L'effet des crimes de haine sur la collectivité

Conférencier 1, Jonathan Lomotey
Chercheur, Centre for Community Based Research (Centre de la recherche communautaire)

Conférencière 2, Sidikat Fashola
Chercheure, Division de la recherche et de la statistique, Ministère de la Justice du Canada

Conférencier 3, Joseph Oywak
Coordonateur de programmes à la Reception House de la région de Waterloo


Le présent guide contient de l'information générale et n'a pas pour objet de fournir des avis juridiques. Pour obtenir de l'aide juridique, vous êtes priés de communiquer avec un avocat. (Version PDF, 69 ko, Aide PDF)

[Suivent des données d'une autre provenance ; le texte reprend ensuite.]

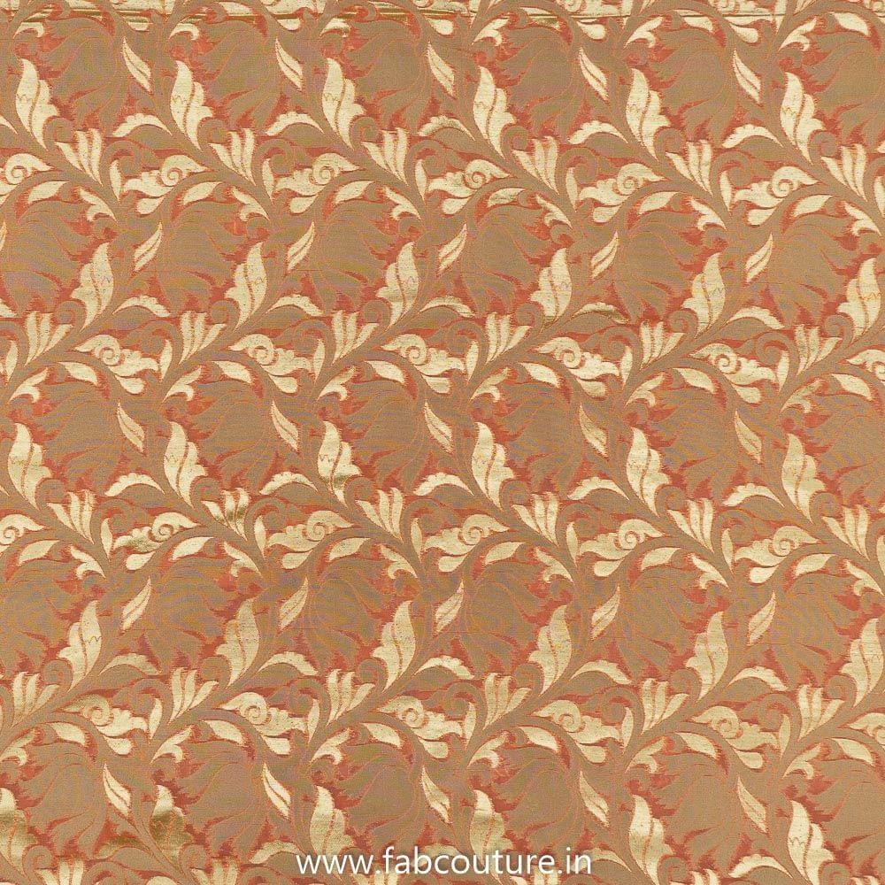 Peach chanderi jacquard fabric is from FabCouture Chanderi Collection and is best for salwar kameez, jackets, trousers, lehengas and all. It is a rich fabric with gold patterns on it. SKU: 9918146
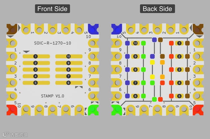 每块 17.8×17.8mm 的方形 Stamp 板都设计用于安装特定类型的表面贴装元件,并通过城堡状引脚接口将元件引脚引出至板边,实现多板无缝连接。
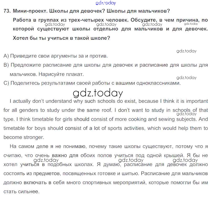 На страницах сайта gdz.today вы найдете учебный и вспомогательный материал, направленный на улучшения знаний школьной программы. ГДЗ - онлайн мир знаний Exercises Unit 3 73 Учебнику по Английскому языку для 7 класса Биболетова, Трубанева Титул, Дрофа УМК 2015, 2017
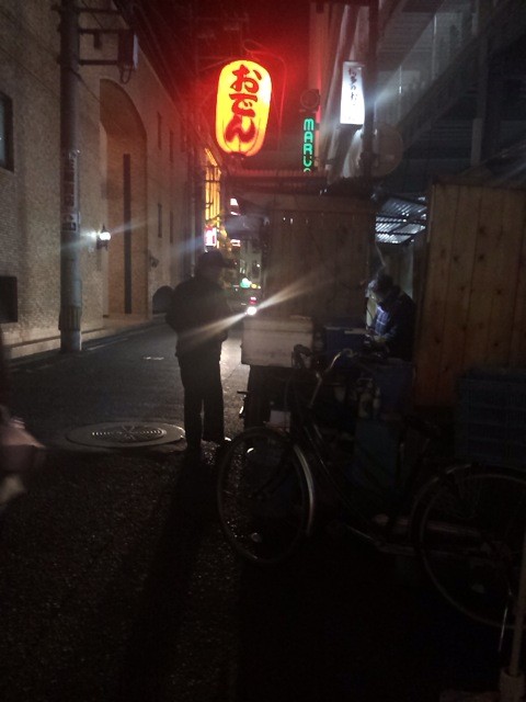 中洲の雑居ビル街にポツンとあるおでん屋台。
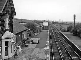 The original station, which was situated 1 km east of the present, was opened by the Caledonian Railway in January 1866 when passenger traffic started. The line became part of the London, Midland and Scottish Railway during the Grouping of 1923. The line then passed on to the Scottish Region of British Railways on nationalisation in 1948. The old station closed to passenger traffic in 1964.
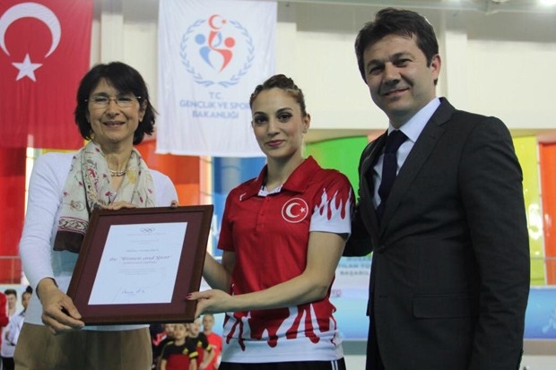 Türkiye’nin ilk olimpik cimnastikçisi Göksu Üçtaş Şanlı’ya Uluslararası Olimpiyat Komitesi (IOC) tarafından Kadın ve Spor Başarı Belgesi verildi.

Colloque fédéral – le 19 avril 2010
Ancien hôtel de ville
111, promenade Sussex, Ottawa

[TRADUCTION] Un groupe d'au moins sept voyous, tous de race blanche et semble-t-il dans la vingtaine, ont agressé Francis Pitia, un réfugié soudanais handicapé, près d'un parc, à Kitchener, en Ontario. Ils ont crié des injures raciales à M. Pitia et à deux autres hommes soudanais, avant de le rouer de coups en utilisant sa propre béquille pour infliger plus de dommages jusqu'à ce qu'il perde conscience. L'attaque contre M. Pitia semble avoir été motivée exclusivement par la haine raciale.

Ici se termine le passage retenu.